Instead of making profits, company after company that set up shop in China had to relinquish its proprietary intellectual property, or had it stolen by “partners” the regime forced on them. Typically, those partners would learn the business from the ground up and then set up a competing company that would corner the market share, leaving the American company to miss out on the promised China dream.

The university apparently wants to believe it can take the PRC’s money and in doing so move the PRC in the direction of Western liberal values. Like the hard-headed American businessmen before it, the university administrators assume they can do well for the university while doing good for China.
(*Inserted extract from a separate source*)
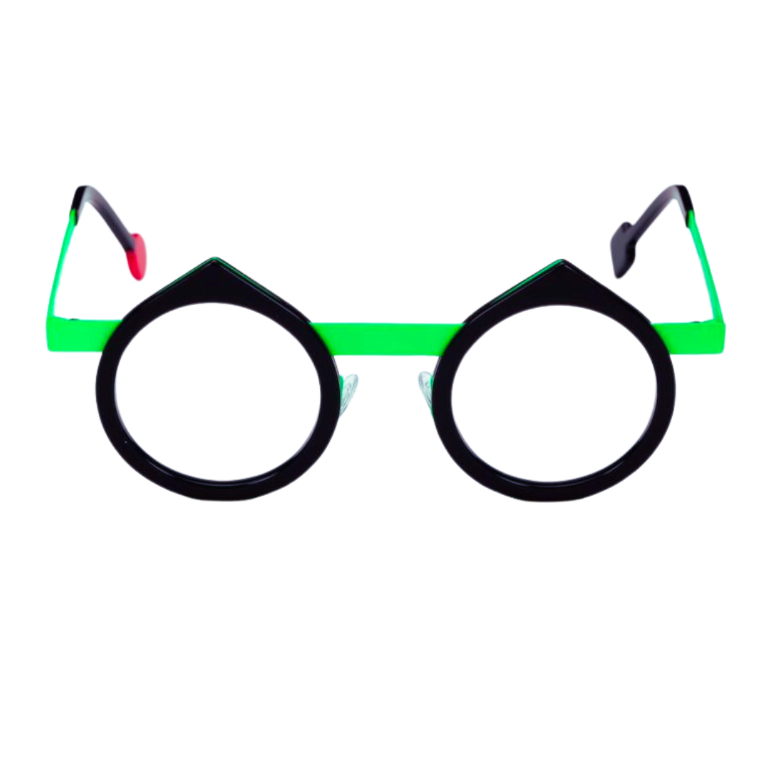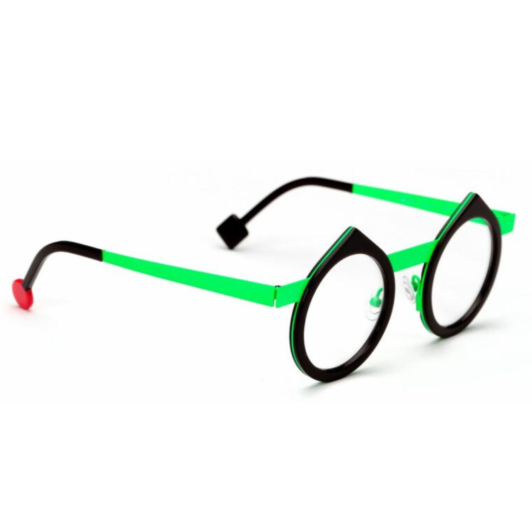-15%Occhiale Sabine Be in metallo verde fluorescente e acetato nero, particolare forma a goccia e lenti trasparenti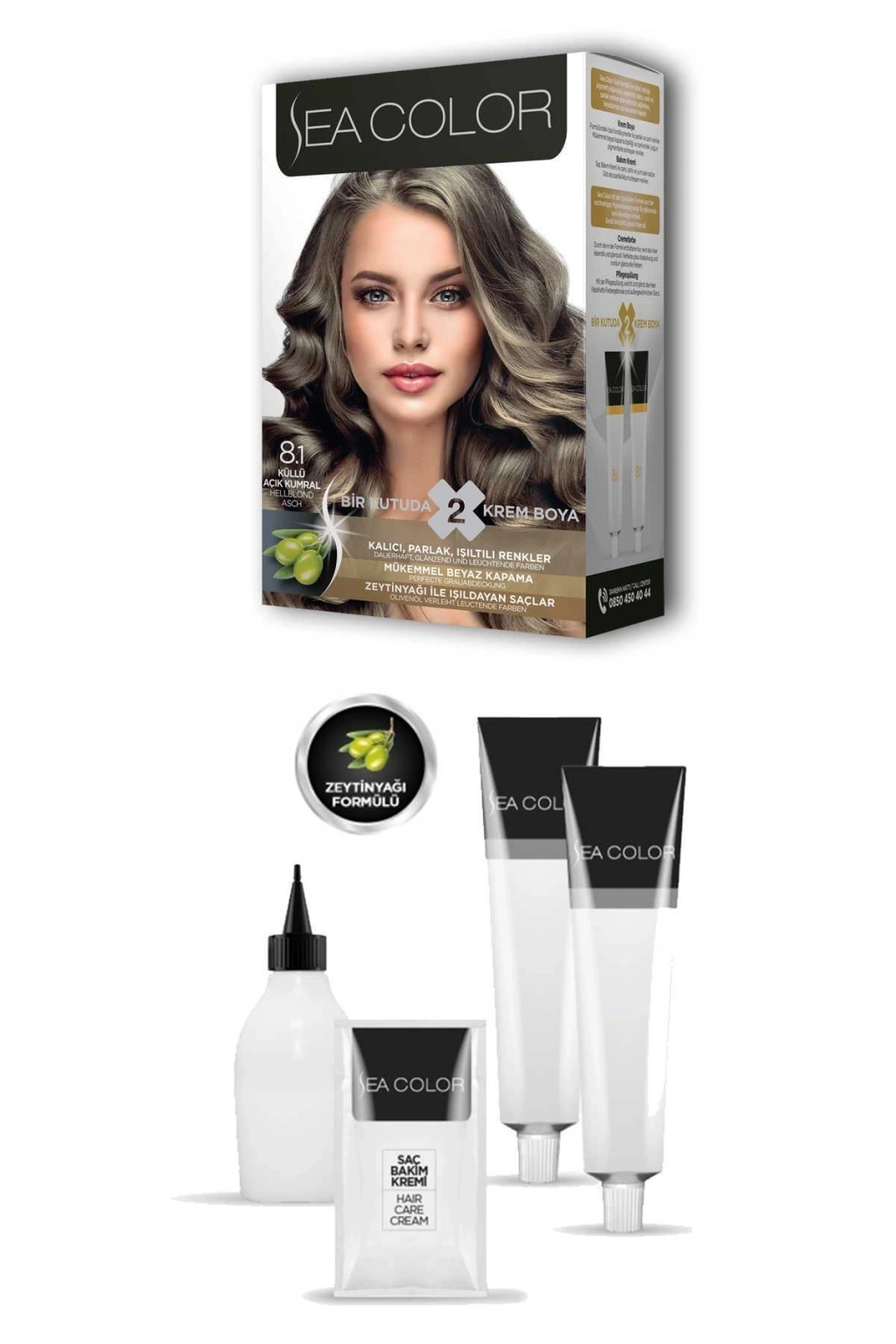 Sea Color 2X2 tüp Krem Saç Boyası Seti Küllü Açık Kumral No:8.1

This convenient belief assumes either that the CCP really wants to move in the direction of the West or that the university’s administrators are so clever they will be able to outwit the Party’s cadres.

Propaganda

On Jan. 14, 2010 the PRC’s vice minister of education, Hao Ping, said in a speech at the ministry’s annual meeting: “Expanding education to foreign countries has become a major aspect of our country’s development, a major strategy and component in foreign affairs and foreign propaganda... Improving the construction of the Confucius Institute is a strategic plan for our building our country’s soft power; it is also a honorable mission the Central Government bestowed upon us [the Ministry of Education].”

In November, 2011 Li Changchun, who was then a member of the CCP’s top body, said in a speech given at Hanban: “The Confucius Institute is an appealing brand for our culture to go abroad. It has made an important contribution to improve our soft power. Using the brand of ‘Confucius’ has a natural affinity. Using the method of teaching Chinese language, everything looks reasonable and logical.”

When Li Changchun speaks of everything looking “reasonable and logical,” he is saying that the Confucius Institutes provide a false cover for effectively accomplishing the CCP’s propaganda goals in the West, which can be summed up as increasing the PRC’s soft power

The CCP leadership’s understanding of soft power has been well documented. Soft power involves infiltrating the CCP’s culture into the West.

Such infiltration does not consist of spreading Mao Zedong thought—hardly anyone in China today believes in communism. What the leaders of the CCP do believe in is the Party’s continued rule of China

“Infiltration” does not need to spread a dogma; it only needs to disarm the critics of the PRC. If the West is rendered intellectually defenseless, then the CCP’s ambitions may go unchallenged.

The Confucius Institutes help assure that those who should be giving the West a clear and critical picture of China will operate within boundaries that the CCP is comfortable with.

Complicity

I wonder if the university’s administrators have reckoned with the awful responsibility they have assumed by partnering with Hanban.

The administrators know, or at this point certainly should know, that they have allied the university with a propaganda organ of the CCP. With that knowledge comes some accountability for what that propaganda serves.

The false front presented by the Confucius Institute enables it to borrow the good name of the University of Chicago. It is not the “People’s Republic of China Confucius Institute.” It is the “University of Chicago Confucius Institute.”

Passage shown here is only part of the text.